Als der malaysische Premierminister Dr. Mahathir Mohammad vor kurzem seine Rücktrittsabsicht bekannt gab, wandten sich Malaysier chinesischer Abstammung mit der Bitte an die Partei Mahathirs, dieser möge seine Absichten überdenken. Als Mahathir sich bereit erklärte, wenn auch nur für die nächsten 16 Monate im Amt zu bleiben, waren vor allem die chinesischen Malaysier erleichtert.

Die Tatsache, dass sich chinesische Malaysier auf Dr. Mahathirs Seite schlugen, zeugt von einer stillen Revolution in der malaysischen Politik und davon, dass sich das nationalistische Image Dr. Mahathirs in den 22 Jahren seiner Amtszeit abgeschwächt hat. Es zeugt aber auch vom Gesinnungswandel der Chinesen in Malaysia gegenüber der nationalistischen Bewegung, die ihnen einst so feindlich gesonnen schien.

Als die Kolonialregierungen in Südostasien vor vierzig Jahren gestürzt wurden, flohen die Chinesen vielfach vor den für die Unabhängigkeit kämpfenden nationalistischen Bewegungen. Diese Bewegungen betrachteten die Chinesen als rechtlos und falsch, da sie in ihren Augen unverhältnismäßig von der Kolonialherrschaft profitiert hätten. Überall in der Region kam es zu gewalttätigen Übergriffen gegen die Chinesen. Seit dieser Zeit sind viele Chinesen misstrauisch gegenüber politische Parteien mit Verbindungen zu den ehemaligen nationalen Befreiungsbewegungen.

In Malaysia beginnen sich diese Ängste nun zu zerstreuen. Heute sehen die malaysischen Chinesen Premierminister Mahathir als Bastion gegen eine neue Form des gewalttätigen Extremismus: die Bedrohung durch den muslimischen Fundamentalismus. Die große chinesische Diaspora braucht ein derartiges Bollwerk nicht nur in Malaysia, wo der islamische Extremismus eine relativ harmlose Bedrohung ist, sondern in ganz Südostasien, vor allem in Indonesien, wo Tausende Chinesen bei Unruhen in den letzten Jahren getötet oder verletzt wurden und wo nochmals Tausende von ihnen ihr Hab und Gut verloren.

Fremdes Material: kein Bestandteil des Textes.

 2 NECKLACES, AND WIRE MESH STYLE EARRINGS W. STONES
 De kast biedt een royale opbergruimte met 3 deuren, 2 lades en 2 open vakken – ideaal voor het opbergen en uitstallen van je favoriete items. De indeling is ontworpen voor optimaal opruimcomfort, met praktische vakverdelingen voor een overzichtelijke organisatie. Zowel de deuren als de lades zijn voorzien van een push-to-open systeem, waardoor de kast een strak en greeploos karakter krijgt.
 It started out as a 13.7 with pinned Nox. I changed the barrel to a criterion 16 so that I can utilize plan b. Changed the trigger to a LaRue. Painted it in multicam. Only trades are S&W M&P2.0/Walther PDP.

Die meisten Chinesen in Südostasien bewundern bei einem muslimischen Führer schon die kleinste Andeutung einer Trennung zwischen Staat und Religion wie einen wertvollen Edelstein. Zeigt sich diese Haltung bei einem gläubigen Moslem wie Mahathir, so gilt dieser Beweis für säkulare Toleranz als ein seltenes Zeichen von Modernität und wachsendem Engagement für den Fortschritt.

Dr. Mahathir war immer ein sachlicher Modernisierer. Kürzlich hat er eingestanden, dass seine ,,Malaysier zuerst"-Politik, die er seit 1969 betrieb, nicht die für eine moderne Wissenswirtschaft unerlässliche malaysische Elite hervorbrachte. Obwohl er weiß, wie unpopulär dies in den Ohren der Bürger klingt, ruft Mahathir die jungen Malaysier auf, härter zu arbeiten.

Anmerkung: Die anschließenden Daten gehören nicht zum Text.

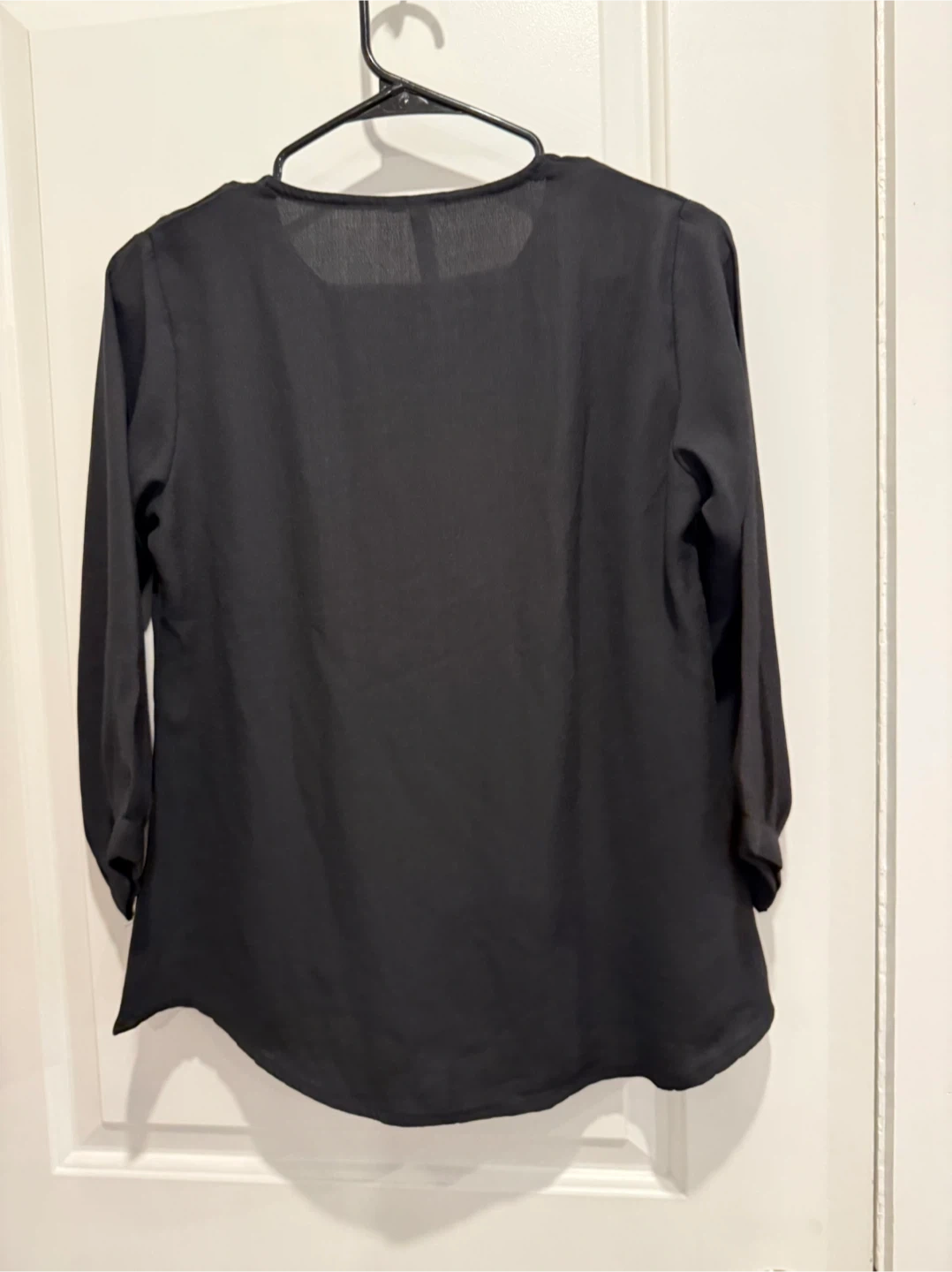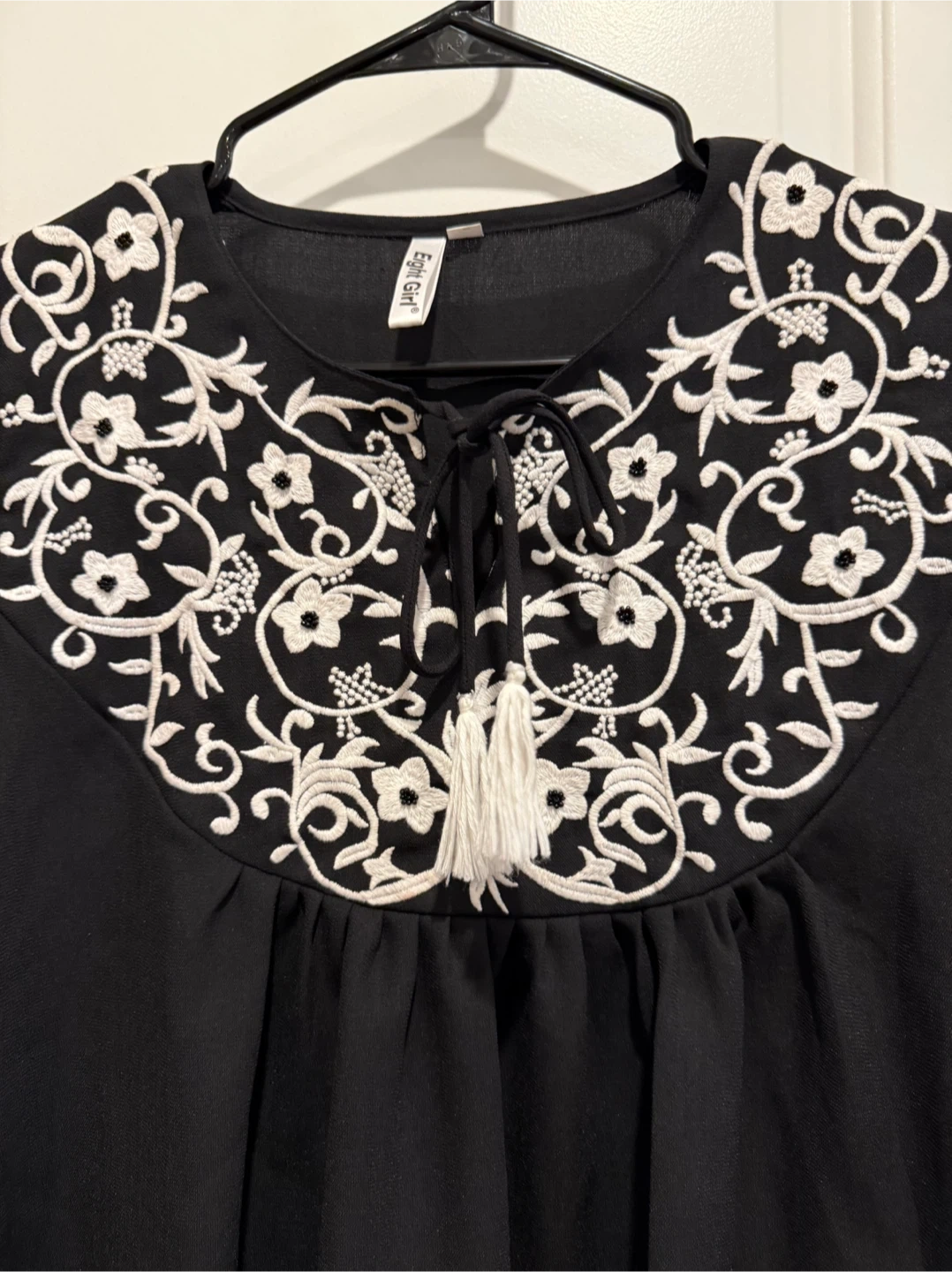 A lovely black blouse from Eighth Girl! It features beautiful white embroidery around the neckline and a flattering silhouette. Perfect for dressing up or down! Never used

Durch den Aufruhr rund um Mahathirs Bestrebungen, seinen ehemaligen Stellvertreter Anwar Ibrahim zu diskreditieren, kam jedoch vieles von dieser neuen Bevölkerungspolitik in Malaysia nicht ans Tageslicht. Die Kampagne gegen Anwar Ibrahim kostete der Partei Mahathirs, der Vereinigten Malaysischen Nationalen Organisation (UMNO), allerdings viel Unterstützung von Seiten der Malaysier. So konnte sich Mahathir bei den Wahlen 1999 nur mit den Stimmen der Chinesen an der Macht halten. Nun hoffen Nicht-Malaysier, dass er von seinen Vorstellungen über eine bevorzugte Behandlung der Malaysier wieder abrückt. Davon wollen allerdings die Malaysier nichts wissen.

Die Chinesen sind auch von der geschickten Reaktion Mahathirs auf die amerikanischen Forderungen im Hinblick auf den Kampf gegen den Terrorismus beeindruckt. Der Premierminister nützte diese Gelegenheit, um sein anti-westliches Image abzuschwächen und bekräftigte seine moderne, säkulare Position gegen die Sympathisanten des islamischen Extremismus. Solcherart belebte er die multikulturelle Basis der Nationalen Allianz, die Malaysia seit seiner Unabhängigkeit im Jahr 1957 regiert. Damit gelang es ihm auch, die chinesische Gemeinde in Malaysia um sich zu scharen.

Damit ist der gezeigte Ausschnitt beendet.